*** The data ***

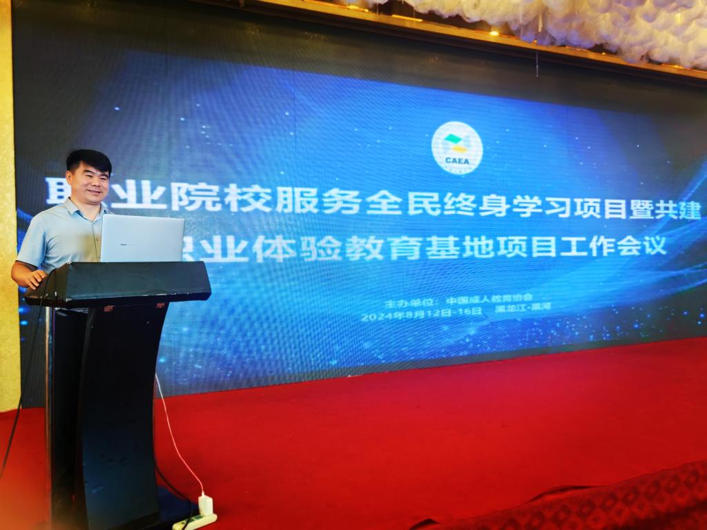 近日,全国职业院校服务全民终身学习项目暨共建职业体验教育基地项目工作会议在黑河召开。副校长胡俊鹏出席会议并作交流分享。继续教育与培训学院负责人黄璞做项目汇报。
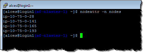 After I launched my cluster I realized that this post would be more interesting if I had more compute nodes in my cluster. Instead of starting over, I simply modified my CloudFormation stack to have 4 nodes instead of 1, applied the change, and watched as the new nodes came online. Since I specified the use of Spot Instances when I launched the cluster, Auto Scaling placed bids automatically. Once the nodes were online I was able to locate them from within my PuTTY session:
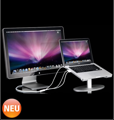 Mac-Accessoires sind schick und teuer – der Xtand Pro von Just Mobile macht hier keine Ausnahme. Aus Aluminium gefertigt und laut Hersteller solide konstruiert, ist der Xtand Pro speziell für die neuen Aluminium-MacBooks konzipiert und gebaut worden. Der Ständer kann in zwei Höhen eingestellt werden. In der niedrigen Version berührt das Notebook mit der Vorderseite beinahe die Schreibtischplatte. Die zweite Höheneinstellung wiederum erinnert doch sehr an die auf ähnlichen Ständern angebrachten Telefone auf Verwaltungsschreibtischen. Nachteil: In beiden Höhen ist die Tastatur genau genommen nicht mehr zu bedienen. Der Anschluss einer zusätzlichen externen Tastatur ist fast unabdingbar.
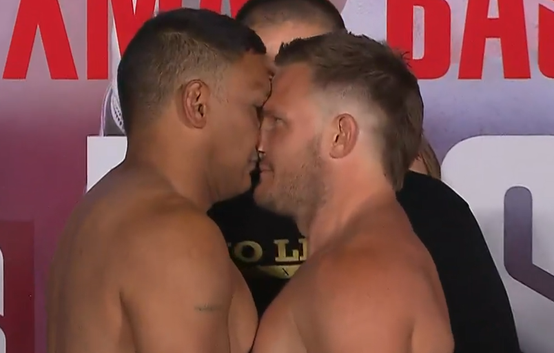 Former NRL players also featured at today's weigh-in, with Justin Hodges and Nathan Ross almost sharing a kiss when coming nose to nose during the face-off. Ross made out like he wanted to shake hands first then both men somehow ended up joined at the face.
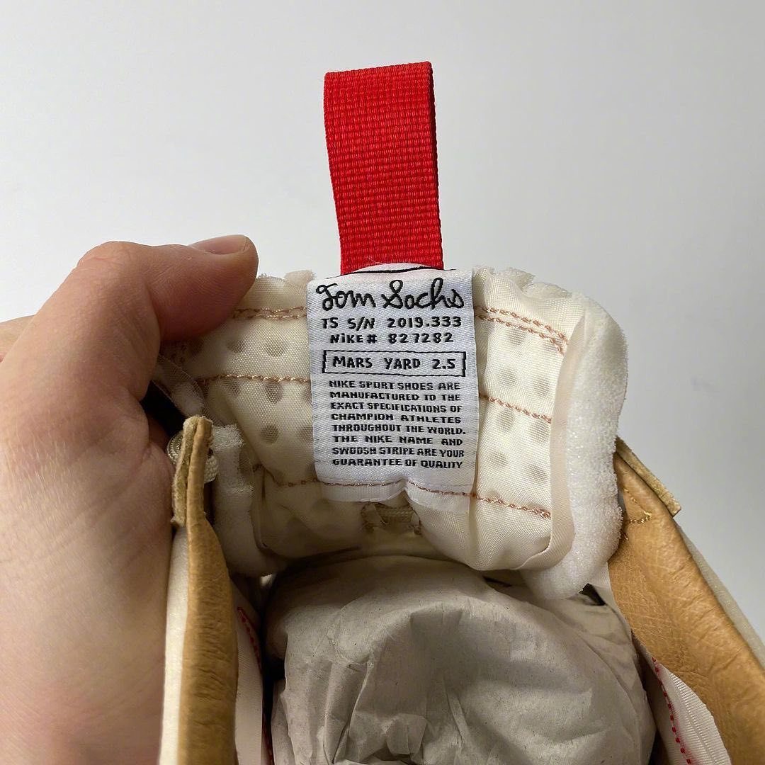 内侧露出后,这次合作 Toms Sachs ,还在 Mars Yard 经典的手写鞋盒上,引用了雕塑家 Constantin Brancusi 的名言。
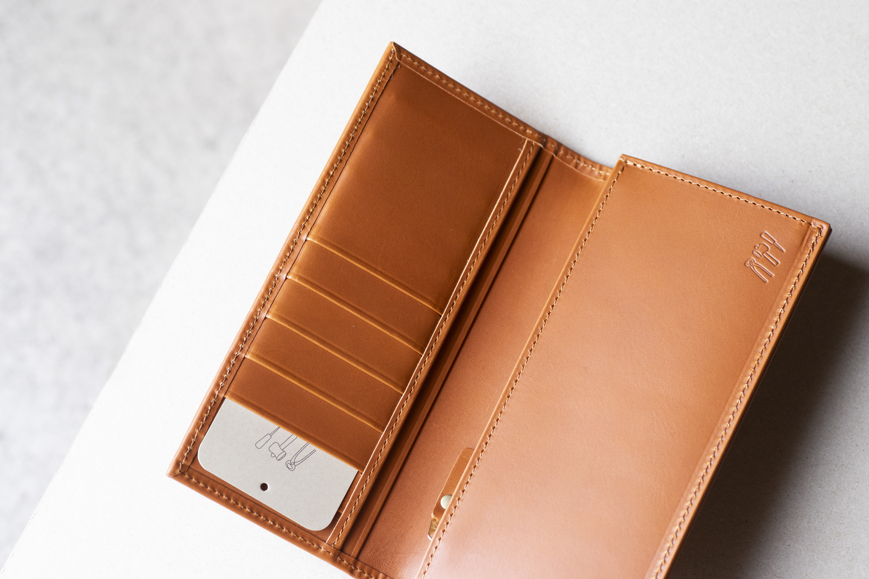 姫路産アラバスタレザーを使った、ジャケットスタイルなどの合う落ち着きのあるウォレットとなっています。
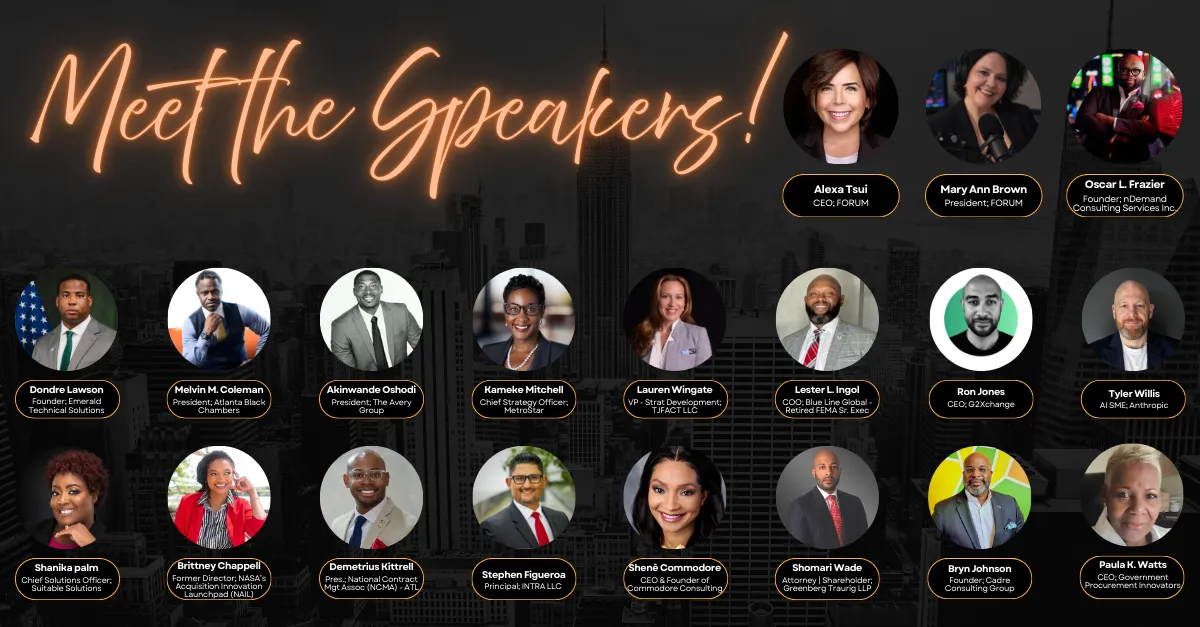 Speakers & Panelists Include: Senior federal executives, leaders from major primes, GovCon trainers, membership org executives, and founders with recent wins.
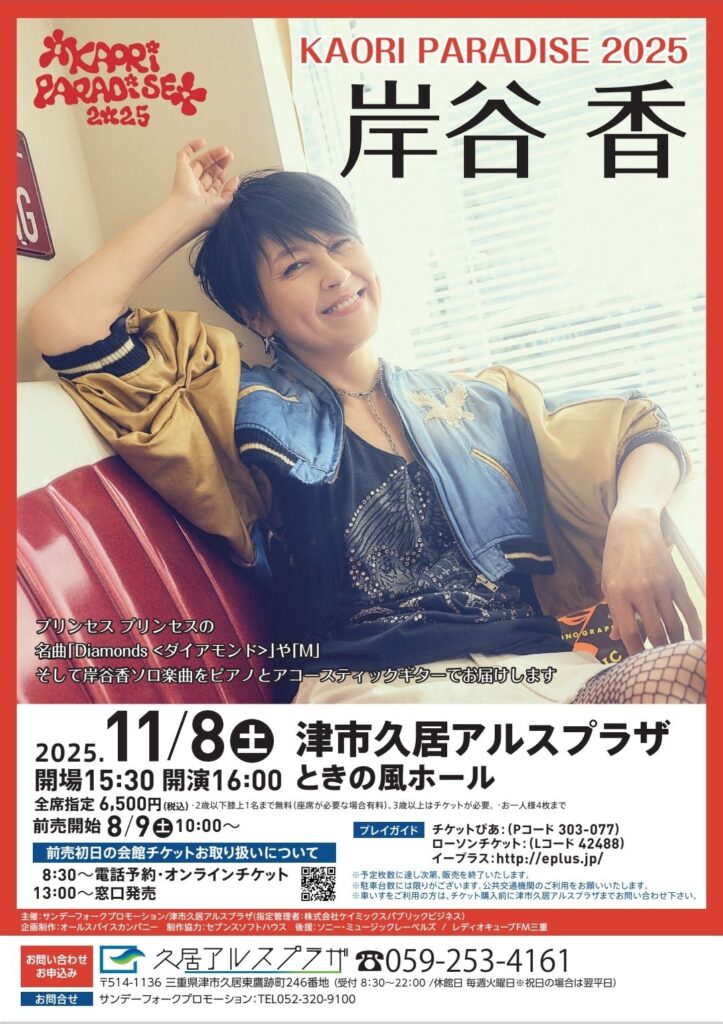 昨日は津市久居アルスプラザにて、「岸谷香 KAORI PARADISE 2025」の調律にお伺いしました。
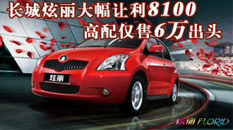 高配仅售6万出头 长城炫丽大幅让利8100 车天下汽车网 发表于:2010-11-22 11:50 【车天下深圳讯】近日,车天下编辑从长城汽车深圳经销商处获悉,近期炫丽继续保持大优惠态势,其中1.5L CVT豪华型更是从6.99万直降至6.18万元,让利幅度在8100元左右。长城炫丽有着年轻的外观和动感的内饰 -

*** End of The data ***

* What the task requires: With the pictures left out, copy exactly the lines from the one containing "Mac-Accessoires sind schick" through the last line of the data.

* Answer section:
 Mac-Accessoires sind schick und teuer – der Xtand Pro von Just Mobile macht hier keine Ausnahme. Aus Aluminium gefertigt und laut Hersteller solide konstruiert, ist der Xtand Pro speziell für die neuen Aluminium-MacBooks konzipiert und gebaut worden. Der Ständer kann in zwei Höhen eingestellt werden. In der niedrigen Version berührt das Notebook mit der Vorderseite beinahe die Schreibtischplatte. Die zweite Höheneinstellung wiederum erinnert doch sehr an die auf ähnlichen Ständern angebrachten Telefone auf Verwaltungsschreibtischen. Nachteil: In beiden Höhen ist die Tastatur genau genommen nicht mehr zu bedienen. Der Anschluss einer zusätzlichen externen Tastatur ist fast unabdingbar.
 Former NRL players also featured at today's weigh-in, with Justin Hodges and Nathan Ross almost sharing a kiss when coming nose to nose during the face-off. Ross made out like he wanted to shake hands first then both men somehow ended up joined at the face.
 内侧露出后,这次合作 Toms Sachs ,还在 Mars Yard 经典的手写鞋盒上,引用了雕塑家 Constantin Brancusi 的名言。
 姫路産アラバスタレザーを使った、ジャケットスタイルなどの合う落ち着きのあるウォレットとなっています。
 Speakers & Panelists Include: Senior federal executives, leaders from major primes, GovCon trainers, membership org executives, and founders with recent wins.
 昨日は津市久居アルスプラザにて、「岸谷香 KAORI PARADISE 2025」の調律にお伺いしました。
 高配仅售6万出头 长城炫丽大幅让利8100 车天下汽车网 发表于:2010-11-22 11:50 【车天下深圳讯】近日,车天下编辑从长城汽车深圳经销商处获悉,近期炫丽继续保持大优惠态势,其中1.5L CVT豪华型更是从6.99万直降至6.18万元,让利幅度在8100元左右。长城炫丽有着年轻的外观和动感的内饰 -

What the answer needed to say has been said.